The most important function of Vitamin K is to support normal blood clotting. Vitamin K also keeps bones strong, which helps to prevent osteoporosis. Vegetables, particularly green leafy ones, are the best dietary sources of Vitamin K.
Vitamin K is an essential nutrient. It helps the body with the process of coagulation, which is the formation of blood clots. When a person gets a cut, a blood clot eventually stops the bleeding. Blood clotting is a complicated process that involves at least 12 different proteins. Vitamin K assists these proteins in their clotting activity.
Vitamin K also provides an important function in supporting healthy bones. People who consume foods with sufficient levels of Vitamin K are less likely to experience a bone fracture. Post-menopausal women may be able to maintain their bone density levels and thereby reduce their risk of osteoporosis by consuming adequate Vitamin K.
As of 2015, new research is beginning to demonstrate a link between Vitamin K and coronary heart disease. Some scientific studies have found that low levels of Vitamin K may contribute to stiffer and narrower blood vessels.

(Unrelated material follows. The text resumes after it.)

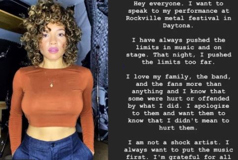 유리스타는 "데이토나에서 열리는 록빌 메탈 페스티벌에서 제 공연에 대해 이야기하고 싶다"며 "나는 항상 음악과 무대에서 한계를 뛰어넘는데, 그날 밤 너무했었다"고 말했다.

The people most at risk of Vitamin K deficiency are newborn babies and individuals with certain diseases such as cystic fibrosis, celiac disease, ulcerative colitis and short bowel syndrome.
The best sources of Vitamin K are green leafy vegetables such as spinach, kale, Swiss chard and collard greens. Other excellent dietary sources include Brussels sprouts, broccoli, blueberries and figs.